Adding an LLM provider

Currently used:

  • EC_USE_QWEN=1
  • Other built-in OpenAI-compatible presets: EC_USE_DEEPSEEK / EC_USE_DOUBAO / EC_USE_KIMI / EC_USE_HUNYUAN
  • EC_LLM_PROVIDER_NAME (default: openai)
  • Qwen preset defaults to DashScope OpenAI-compatible + qwen-plus
  • The other presets reuse the same OpenAI-compatible provider

To add another provider:

  1. See components/embed_claw/llm/ec_llm_internal.h
  2. Add ec_llm_xxx.c / .h
  3. Export ec_llm_xxx_get_provider(void) from the new provider module
  4. Implement init and chat_tools, and map the response to ec_llm_response_t
  5. Add one branch in ec_llm_init_default() (components/embed_claw/llm/ec_llm.c) to map provider name to getter
  6. Set EC_LLM_PROVIDER_NAME in main/ec_config.h (and set matching URL/model)
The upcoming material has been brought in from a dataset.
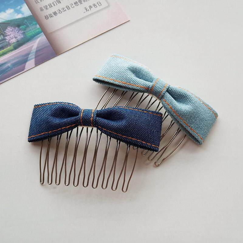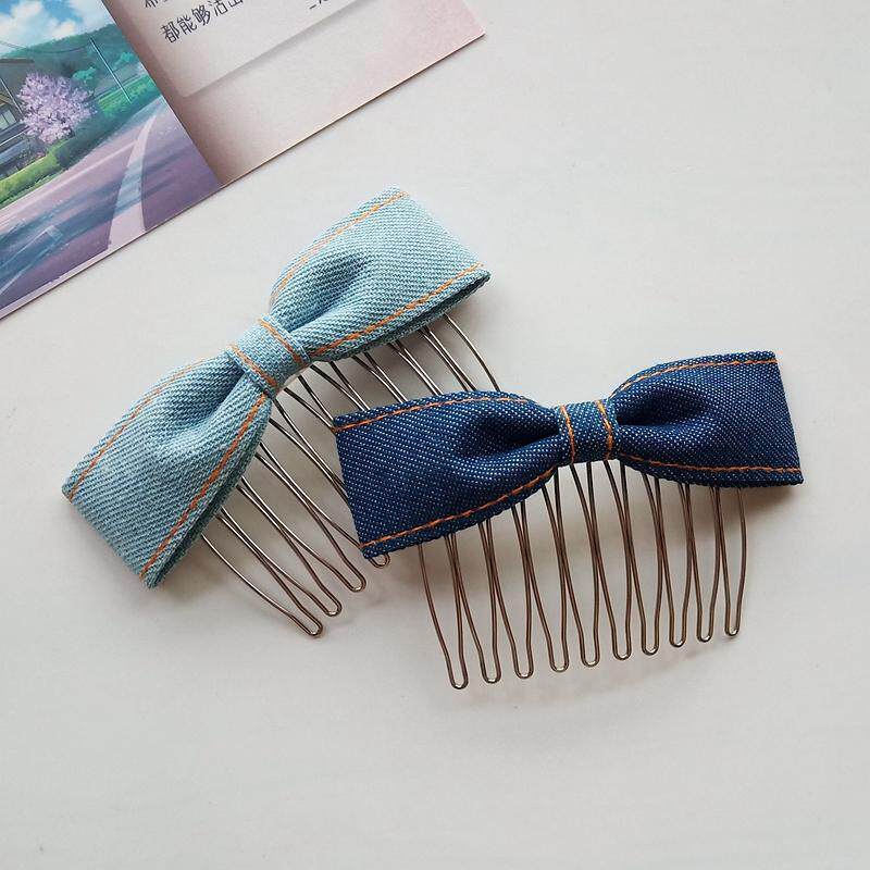 牛仔布艺蝴蝶结十齿发梳成人刘海插梳少女甜美发叉简约盘发卡职业

The current runtime path is OpenAI-compatible providers (OpenAI, DeepSeek, Moonshot/KiMi, Qwen, Doubao, Hunyuan, etc.). Other provider families are not wired yet.

Possible next steps

With clear boundaries, natural extensions include: TODO.md

Notes

1. Build-time configuration

For open-source distribution, repo defaults keep secret fields empty. Put real keys in local main/ec_config.h rather than editing components/embed_claw/ec_config_internal.h. main/ec_config.h is ignored by Git by default.

Before running, set:

  • API key for the active LLM preset
  • EC_LLM_PROVIDER_NAME (default is openai)
  • Tavily API key
  • Feishu App ID and App Secret

2. Best use today

This repo is a good fit for:

  • Experimenting with an embedded AI Agent framework
  • Building Feishu- or WebSocket-driven edge assistants
  • Validating tool calling, memory, and skills on real hardware
  • Using it as a base for productization

License

This project is open source under the MIT License.